Here are some tips from our Jane Team members
Trust your instincts:
If you have a feeling that you are in an unsafe situation or that the person near you is untrustworthy, go with your instinct and be wary. Move away from them. Your instinct is your brain remembering previous situations that it may have kept when watching a movie, or what happened to someone else, or just seems to be unsafe.
Don’t be afraid of not being polite:
Sometimes you imagine that the person talking to you will be harmless if you politely let him talk to you, but, at the same time, you also feel the person may get aggressive if you are anything but interested. There are other times when you might feel threatened but are worried that you are imagining it and it is all in your head and that you do not want appear to be rude. In any situations where you are not comfortable trust your instincts. Do not be appear to be afraid of the person. Do not answer them and just look away, or move away yourself. You could say, "I do not know you and I do not want to talk to you" or something that suits the occasion.

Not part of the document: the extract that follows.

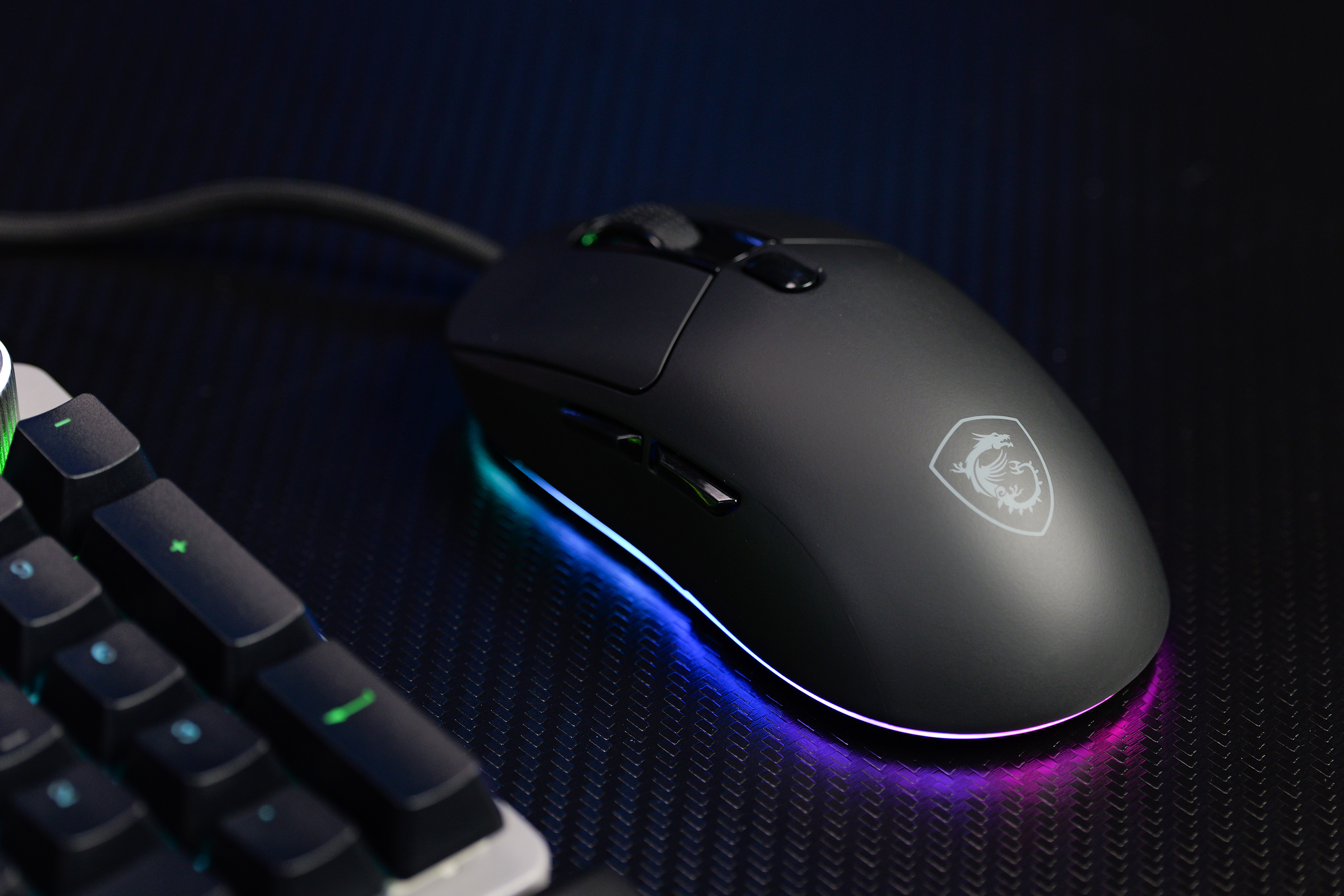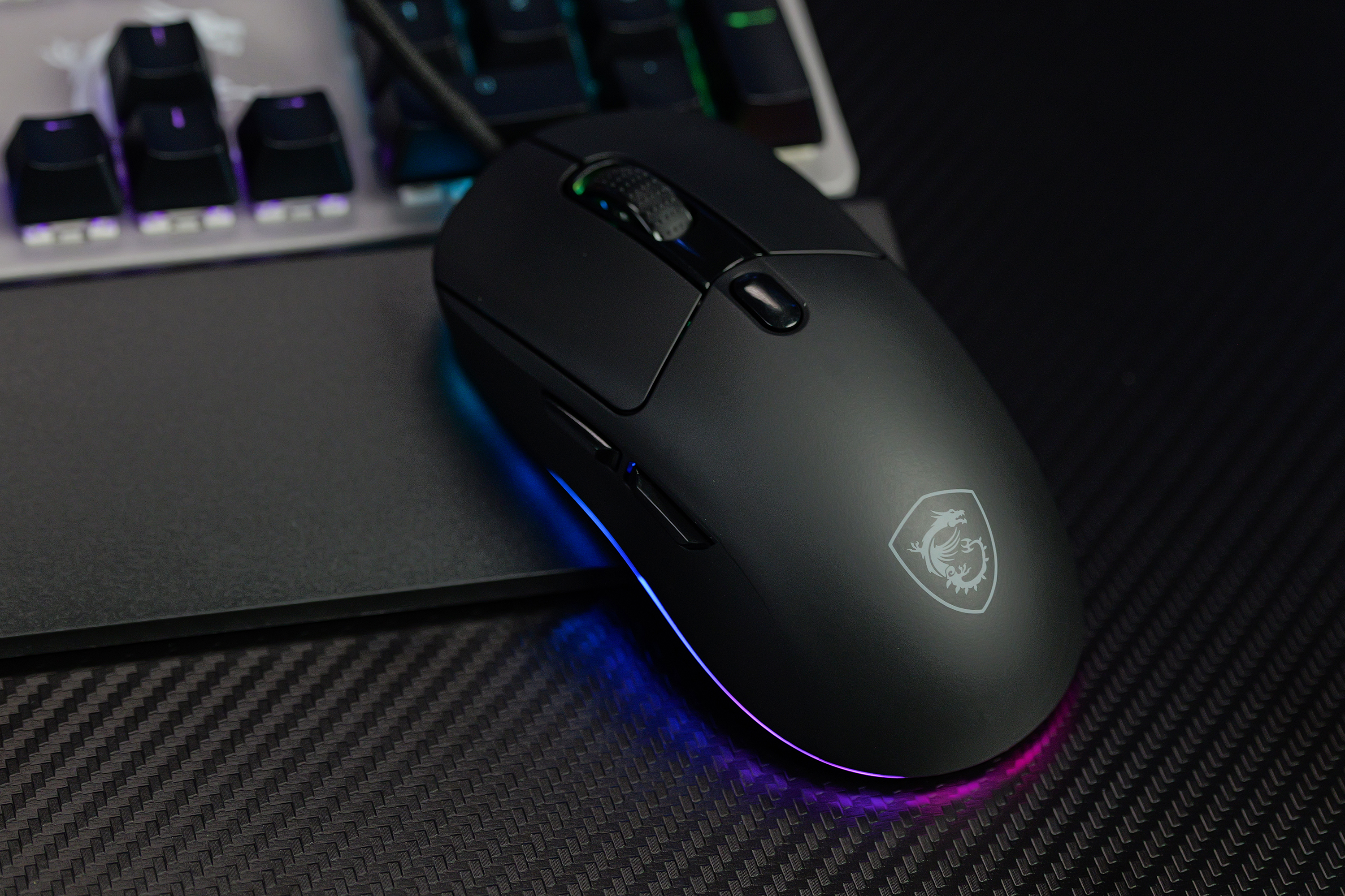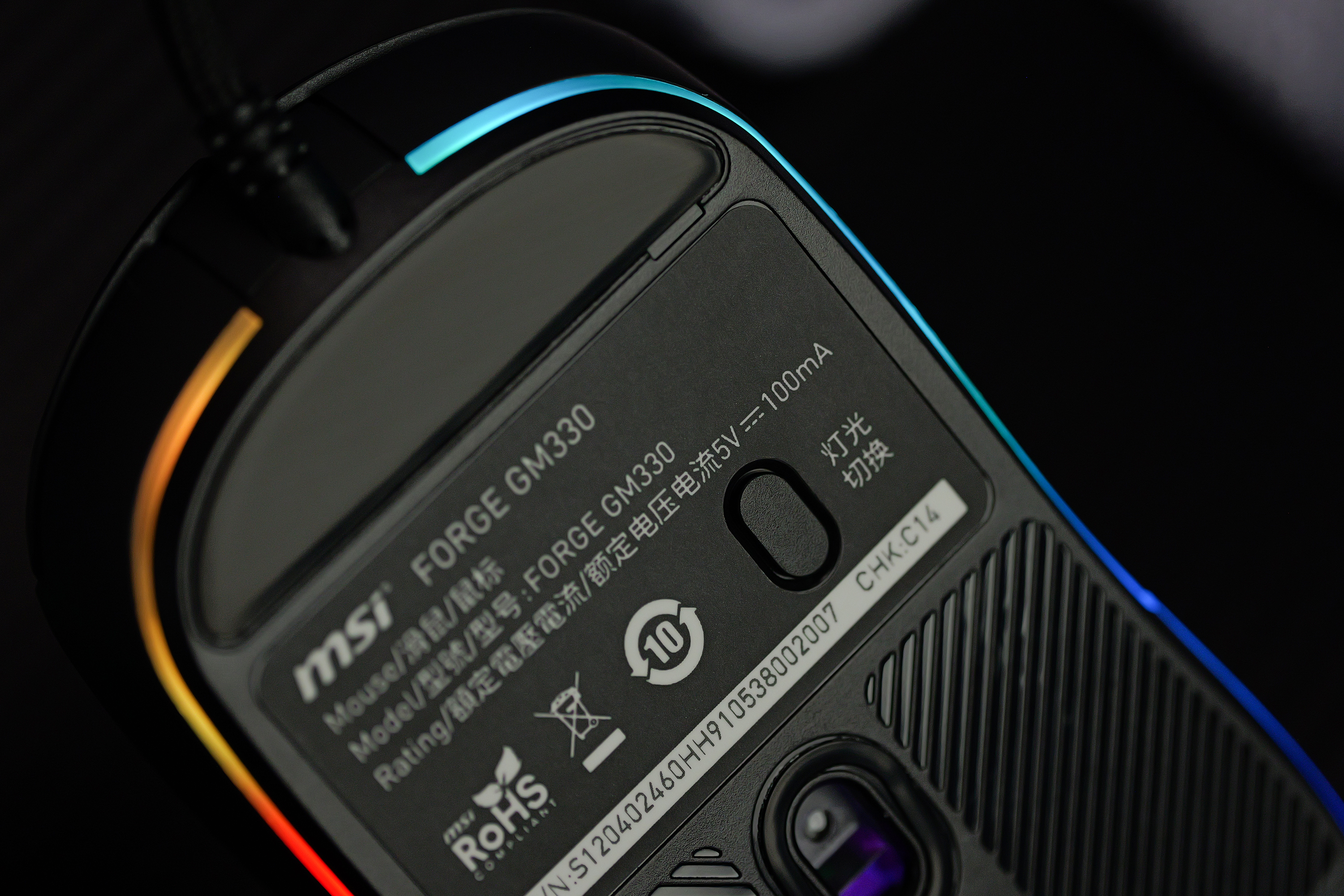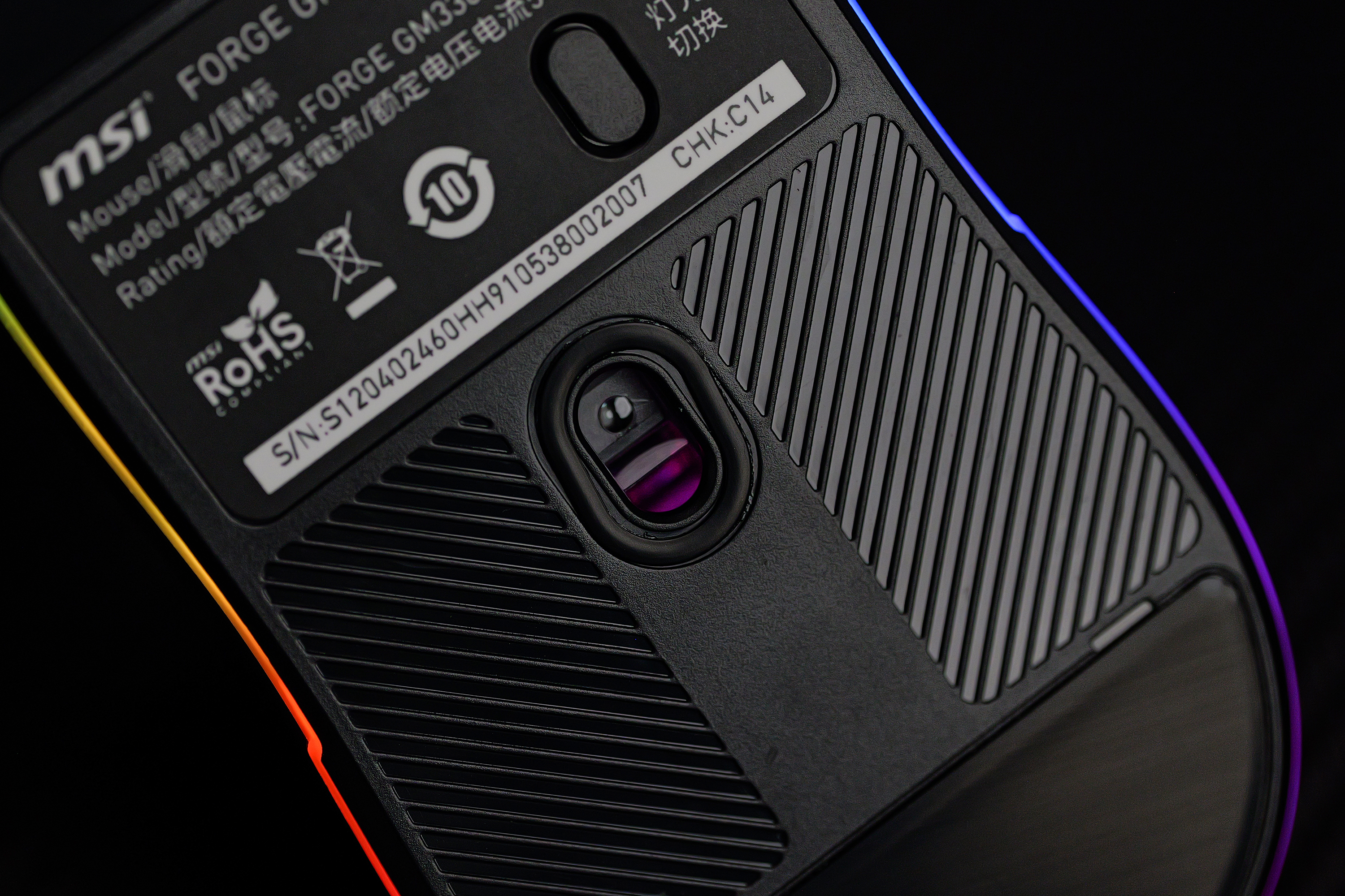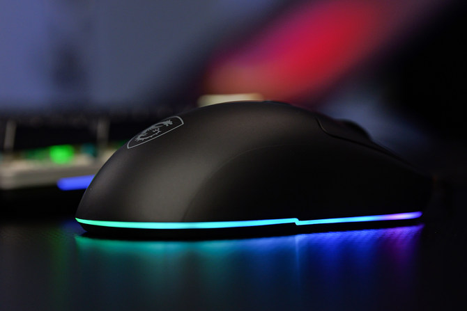 鼠标整体的质感表现不错,触感也较为细腻,鼠标的尾部还有“微星”家族的经典龙盾标识,配合上整个鼠标底部一整圈的RGB流光氛围灯,电竞感非常出色。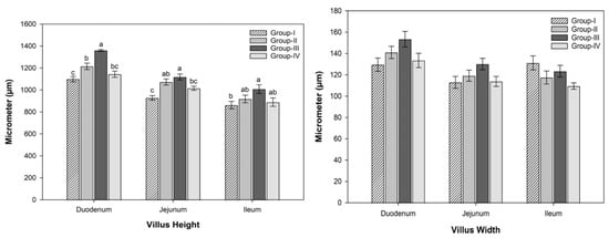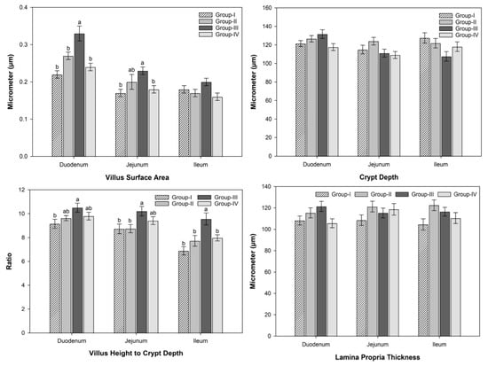 The effect of the organic-acid–phytogen composite on broiler gut morphometry is shown in Figure 1 and labelled in the Figure 3a. The gut histomorphometric parameters showed that the VH and VH/CD ratio of all intestinal segments were higher (p ≤ 0.05) in group III as compared to the control. The VSA was higher (p ≤ 0.05) in duodenum and jejunum in group III compared with the control. The thickness of the muscularis externa was greater (p ≤ 0.05) in the ileum of the control group when compared with group IV.

Better to appear rude than to get yourself in a situation that you are uncomfortable with. One of our team says that if she is in that situation she looks for another person nearby and walks over to them saying something like "Hi, how are you? I didn't see you" and chats for a few seconds and then moves to another place. Might confuse them but gets her out of danger. (The same method is used to avoid being followed: below)
What if you think someone is following you?
First of all, make sure that someone is actually following you. Normally if you have seen a person you can be sure it is not a person that is professionally trained to follow someone because such people are good and never seen. You may see one but he disappears into a shop and a woman takes over. The tactics used to make sure are: don’t look back but slow down, or change direction or go into a shop just anything different. If you are being followed the person will also slow down etc. If they were not following you they will just walk past, not even interested in you.
If it is in a public place, move towards where there is more people, find someone who seems trustworthy e.g. families and say something in a loud voice, like “Hi, how wonderful to bump into you” Then appear to be talking to another member of the family and then quietly tell them that a person has been following you. “Do you mind if I just stay awhile of walk with you until I am safe?” Another method is to go into a coffee shop and order a coffee. Appear relaxed and prepared to be there a long time. Talk on your phone or read a magazine etc. Keep one eye on the suspect. If you are followed in then it’s probably not a coincidence, but a least you are safe. Talk to the manager or the waitperson.
If you are not in a public place this is more difficult. Call the police or a close friend and advise that you are worried because a person has been following you. Describe the person and your location. If you have a smart phone put it on face to face and should the person confront you at his time try and transmit their photo.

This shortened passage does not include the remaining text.